Existing Leap shareholders will receive the right to a royalty,
under certain circumstances, based on future net sales. The
combined company is expected to have a minimum of $30 million of cash at closing to finance future
operations.
"The combination with Macrocure positions our organization as a
leading immuno-oncology company with sufficient capital to advance
our pipeline of first-in-class monoclonal antibodies through
significant value-creating events," commented Christopher K. Mirabelli, PhD, CEO of Leap.
"Importantly, we anticipate achieving substantial clinical
milestones over the course of 2016 and 2017. We plan to
present data and initiate randomized studies for DKN-01, our lead
development candidate, which has demonstrated clinical activity in
esophageal cancer and cholangiocarcinoma when combined with
chemotherapy; and we expect to report data from a repeat-dose study
of TRX518, a novel GITR agonist monoclonal antibody which is
believed to enhance an immune anti-tumor response."
"After careful review of many alternatives, the executive team
and Board of Directors of Macrocure believe this transaction
provides great potential for our shareholders," said Nissim Mashiach, President and Chief Executive
Officer of Macrocure Ltd. "Leap Therapeutics has a maturing
pipeline of novel drug candidates focused on key immuno-oncology
targets that are designed to provide new and valuable treatment
options for patients suffering from aggressive
cancers. Furthermore, Leap's experienced management team has a
track record relating to public and private companies and drug
development success."
The executive team of Leap Therapeutics will remain in their
positions in the combined entity that will be based out of Leap
Therapeutics' current corporate office in Cambridge, Massachusetts. The combined
entity's leadership team will consist of Christopher K. Mirabelli, PhD, who will serve as
Chief Executive Officer and Chairman of the Board of Directors,
Augustine Lawlor as Chief Operating
Officer, and Douglas E. Onsi as
Chief Financial Officer. At the closing, two Macrocure
designated individuals, including Nissim
Mashiach, will join Leap's Board of Directors.
The Board of Directors of both companies have unanimously
approved the proposed merger. Macrocure's shareholders who
hold approximately 51% of Macrocure's voting shares, have entered
into agreements in support of the proposed transaction. While
these agreements assure the approval of the merger, all Macrocure
shareholders will be asked to vote on the merger at a meeting of
shareholders.

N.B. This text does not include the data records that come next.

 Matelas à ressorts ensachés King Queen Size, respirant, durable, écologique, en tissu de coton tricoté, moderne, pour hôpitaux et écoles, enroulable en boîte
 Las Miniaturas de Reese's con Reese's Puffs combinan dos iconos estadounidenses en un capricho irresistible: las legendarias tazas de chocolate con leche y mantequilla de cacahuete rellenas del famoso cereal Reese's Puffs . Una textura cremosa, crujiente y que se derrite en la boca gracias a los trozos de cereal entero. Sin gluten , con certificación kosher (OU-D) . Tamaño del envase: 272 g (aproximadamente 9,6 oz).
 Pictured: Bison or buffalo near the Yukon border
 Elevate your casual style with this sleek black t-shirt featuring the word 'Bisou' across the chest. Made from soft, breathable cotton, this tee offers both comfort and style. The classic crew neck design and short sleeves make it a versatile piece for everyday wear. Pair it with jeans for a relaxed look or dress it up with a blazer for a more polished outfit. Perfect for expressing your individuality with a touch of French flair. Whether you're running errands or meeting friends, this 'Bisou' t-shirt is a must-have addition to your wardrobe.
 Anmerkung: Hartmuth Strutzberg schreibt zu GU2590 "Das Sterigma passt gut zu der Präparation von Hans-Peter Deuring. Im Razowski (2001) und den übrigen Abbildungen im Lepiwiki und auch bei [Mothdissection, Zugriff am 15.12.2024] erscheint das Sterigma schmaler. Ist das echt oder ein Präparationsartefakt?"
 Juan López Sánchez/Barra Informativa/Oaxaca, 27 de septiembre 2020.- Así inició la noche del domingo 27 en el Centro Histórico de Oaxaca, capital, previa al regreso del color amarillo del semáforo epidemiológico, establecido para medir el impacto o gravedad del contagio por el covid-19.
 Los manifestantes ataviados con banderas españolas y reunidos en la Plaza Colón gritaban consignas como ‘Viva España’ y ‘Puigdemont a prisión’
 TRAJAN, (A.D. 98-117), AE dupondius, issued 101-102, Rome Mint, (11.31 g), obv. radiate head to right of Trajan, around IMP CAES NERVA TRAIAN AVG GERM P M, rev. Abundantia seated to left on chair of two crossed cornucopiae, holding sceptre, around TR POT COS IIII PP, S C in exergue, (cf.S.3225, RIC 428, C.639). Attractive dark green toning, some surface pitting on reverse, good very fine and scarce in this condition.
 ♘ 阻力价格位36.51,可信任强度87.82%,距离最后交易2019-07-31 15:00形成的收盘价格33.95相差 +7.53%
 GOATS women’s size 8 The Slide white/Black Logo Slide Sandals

Additionally, entities affiliated with
HealthCare Ventures and Eli Lilly, which own all of Leap's
outstanding voting shares, have entered into agreements in support
of the proposed transaction. The transaction is expected to
close near year-end, subject to shareholder approval and other
customary closing conditions which are set forth in the merger
agreement.
Raymond James is serving as
exclusive financial advisor to Macrocure Ltd.

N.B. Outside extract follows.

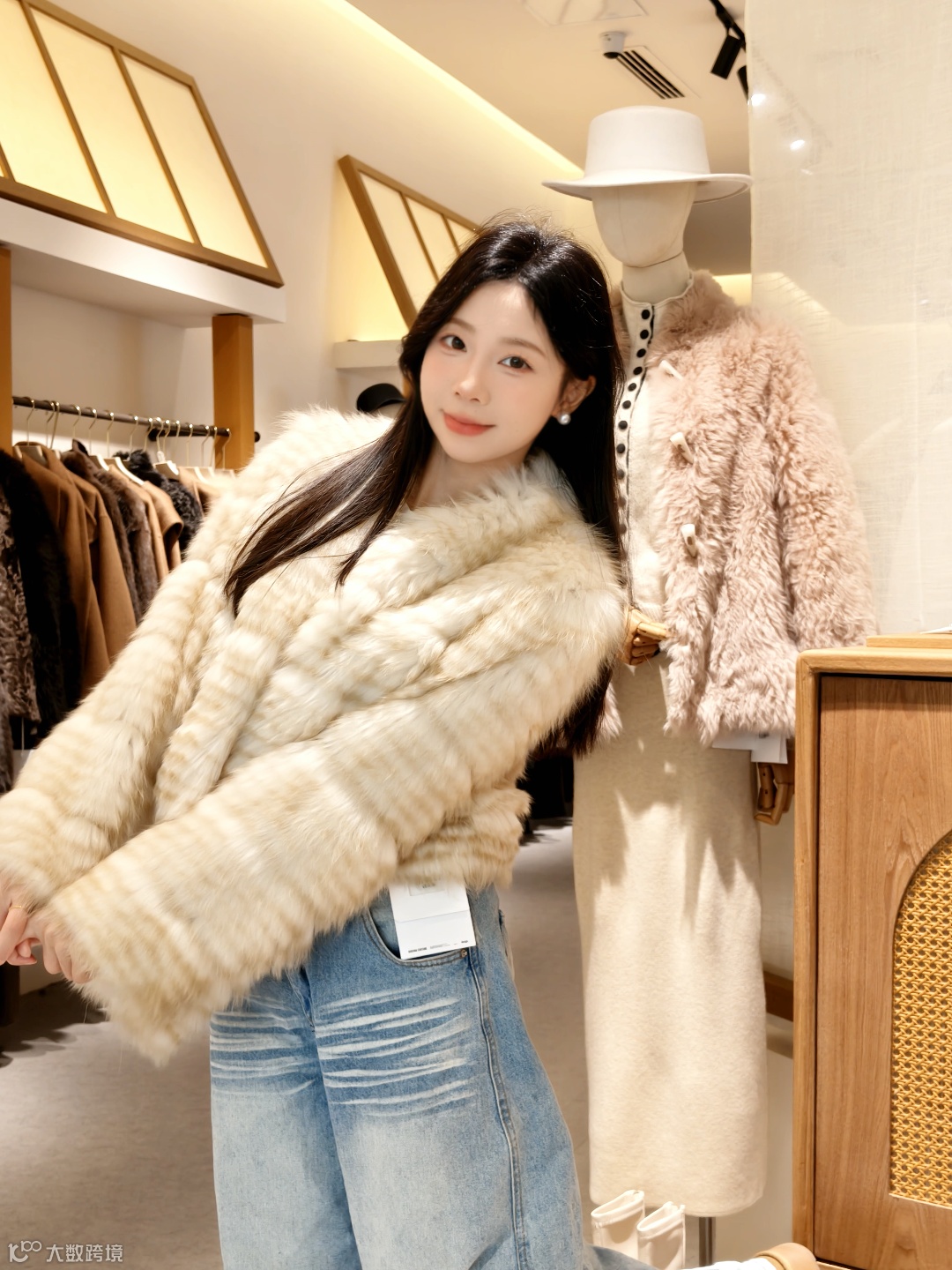 这件狐狸毛外套层次感满满,软乎乎的质感自带温柔滤镜,搭配阔腿牛仔裤甜酷又保暖,秋冬出街穿它回头率直接拉满。
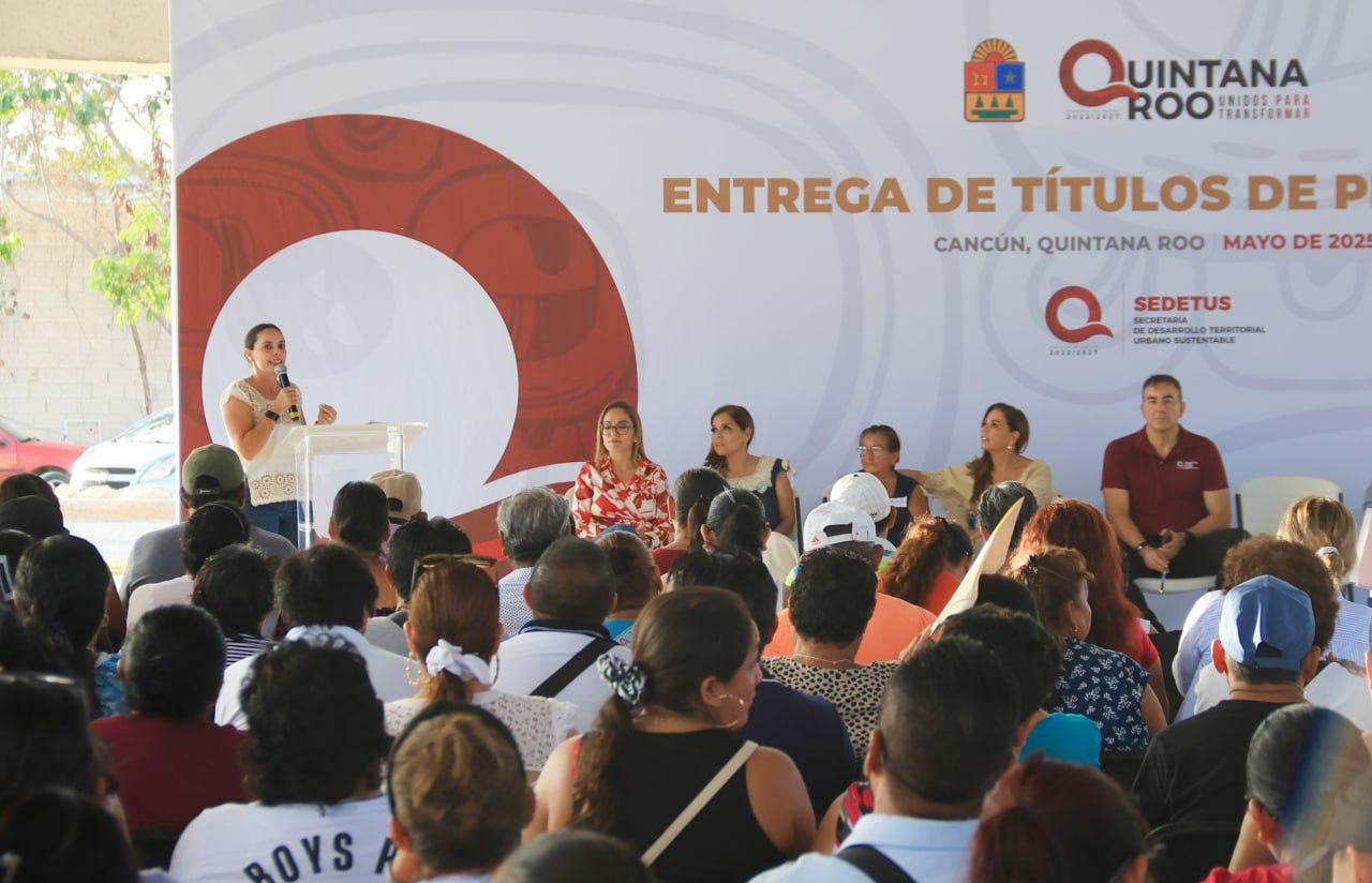 Cancún, Q. R. a 21 de mayo de 2025.- En un acto de justicia social, la Presidenta Municipal, Ana Paty Peralta y la gobernadora, Mara Lezama, entregaron 270 títulos de propiedad a familias cancunenses que, tras décadas de espera, finalmente obtienen certeza jurídica sobre su patrimonio.

Leap expects to file a registration statement on Form S-4 with
the U.S. Securities and Exchange Commission to register the shares
of common stock to be issued in the merger. The registration
statement will contain more detailed information about the
transaction, as well as information about the respective companies.
In addition, Macrocure expects to file a current report on Form 6-K
shortly regarding the transaction. Macrocure also will be mailing a
proxy statement to its shareholders, which will be filed on a
current report on Form 6-K and attached as an appendix to Leap's
Form S-4 registration statement.
About DKN-01
DKN-01 is a humanized monoclonal IgG4 monoclonal antibody with
neutralizing activity against the Dickkopf-1 protein. DKN-01 is
currently being studied in clinical trials in esophageal cancer and
cholangiocarcinoma. DKN-01 demonstrated clinical activity as a
single agent in patients with non-small cell lung cancer in a Phase
1 dose escalation study that was presented at the American Society
for Clinical Oncology (ASCO) 2014 Annual Meeting and in combination
with paclitaxel in patients with esophageal cancer in a study that
was presented at the European Society for Medical Oncology (ESMO)

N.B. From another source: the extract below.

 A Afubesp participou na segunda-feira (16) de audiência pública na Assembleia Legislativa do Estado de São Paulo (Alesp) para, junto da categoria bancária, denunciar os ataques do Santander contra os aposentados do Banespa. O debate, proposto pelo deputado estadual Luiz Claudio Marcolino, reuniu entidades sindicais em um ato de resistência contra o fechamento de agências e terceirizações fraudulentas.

World GI Congress in 2016. Additional data from the study of
DKN-01 plus the combination of gemcitabine and cisplatin in
patients with cholangiocarcinoma will be presented at the ESMO
Annual Meeting in October 2016.
About TRX518
TRX518 is a humanized aglycosyl IgG1 monoclonal antibody with
agonist activity targeting GITR. TRX518 has been shown to bind and
activate GITR through bivalent binding to the receptor. TRX518 was
engineered to remove Fc-receptor interactions to prevent
complement-mediated cytolysis and antibody-mediated depletion of
leukocytes expressing GITR. TRX518 surrogate antibodies have been
effective in preclinical animal models, prolonging survival or
enhancing immune responses when combined with chemotherapeutics and
checkpoint inhibitors. Initial clinical data on TRX518 was
presented at the ASCO 2016 Annual Meeting.
About Leap Therapeutics
Leap Therapeutics is an immuno-oncology company with two
clinical stage programs. Leap's most advanced clinical candidate,
DKN-01, is a humanized monoclonal antibody targeting the Dickkopf-1
(DKK1) protein. DKN-01 is in clinical
trials in esophageal cancer and cholangiocarcinoma. Leap's second
clinical candidate, TRX518, is a novel, humanized GITR agonist
monoclonal antibody designed to enhance the immune system's
anti-tumor response. TRX518 is in clinical trials in patients with
advanced solid tumors. For more information about Leap
Therapeutics, please visit http://www.leaptx.com .
About Macrocure Ltd.
Macrocure Ltd. is a clinical-stage biotechnology company that
was focused on developing a novel therapeutic platform to address
chronic and hard-to-heal wounds. For more information, please visit
www.macrocure.com.
Cautionary Note Regarding Forward-Looking
Statements
This press release includes forward-looking statements that are
not historical facts, such as statements regarding assumptions and
results related to financial results, forecasts, clinical trials,
and regulatory authorizations. Words such as "will,"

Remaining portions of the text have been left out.